Il quarto comma prevede l’inserimento automatico nel contenuto contrattuale delle informazioni precontrattuali; queste costituiscono “parte integrante e sostanziale” del contratto e non possono essere modificate salvo accordo espresso tra le parti, ovvero al sopraggiungere di circostanze eccezionali e imprevedibili, indipendenti dalla volontà dell’operatore, le cui conseguenze non avrebbero potuto essere evitate neanche con la dovuta diligenza.

Il quinto comma si preoccupa di indicare quali ulteriori elementi il contratto deve contenere.
Il primo di questi elementi è costituito dall’indicazione dell’ identità delle parti; si tratta, per la verità, di una precisazione priva di concreto rilievo, considerato che già in base alla disciplina generale, il contratto deve ritenersi nullo ove non contenga l’indicazione delle parti.

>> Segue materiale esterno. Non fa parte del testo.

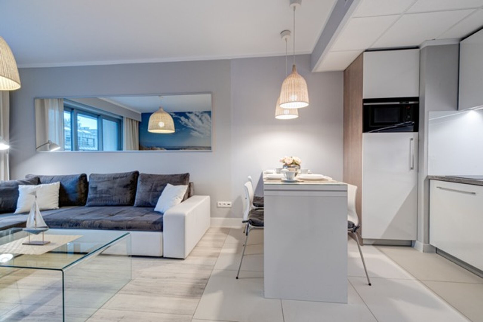 Die Wohnung besteht aus einem Wohnzimmer (großes Ecksofa), das mit einer Küchenzeile verbunden ist, einem Schlafzimmer mit einem bequemen Bett und einem geräumigen, hellen Badezimmer. Der große Vorteil ist die Unabhängigkeit beider Räume (separater Eingang vom Flur zum Wohnzimmer und zum Schlafzimmer). Die Wohnung ist mit 2 Flachbildfernsehern (im Wohnzimmer und im Schlafzimmer) und WLAN-Internetzugang ausgestattet. Perfekt für eine vierköpfige Familie. Im Gebäude gibt es einen Außenpool (saisonal geöffnet) mit Blick auf das Meer und die Seebrücke im obersten Stockwerk des Gebäudes, eine Sauna und eine Sonnenterrasse.

Altro elemento che deve contenere è l’indicazione dei luoghi di residenza delle parti.
In particolare, l’indicazione della residenza dell’operatore sarà certamente utile per individuare il soggetto cui far pervenire l’eventuale dichiarazione di recesso, mentre per la residenza del consumatore, l’indicazione sarà utile al fine di individuare il giudice territorialmente competente.

Devono ancora essere indicate la data ed luogo di conclusione del contratto: la data è essenziale per determinare il dies a quo per l’esercizio del diritto di recesso.

Per quanto concerne la precisazione che il contratto deve contenere la firma di ciascuna delle parti, deve escludersi che la mancata sottoscrizione da parte del consumatore delle clausole inerenti il recesso possa comportare le conseguenze che il secondo comma dell’art. 1341 del c.c. ricollega alla mancata specifica approvazione delle c.d. clausole vessatorie.
Infatti, conseguenza della mancata sottoscrizione non sarà né l’inefficacia della clausola né un’eventuale nullità del contratto; piuttosto, tale situazione si ritiene che debba essere assimilata all’ipotesi in cui l’informativa relativa al diritto di recesso non sia stata fornita dall’operatore, con conseguente prolungamento del periodo entro il quale il consumatore potrà esercitare il diritto di ripensamento.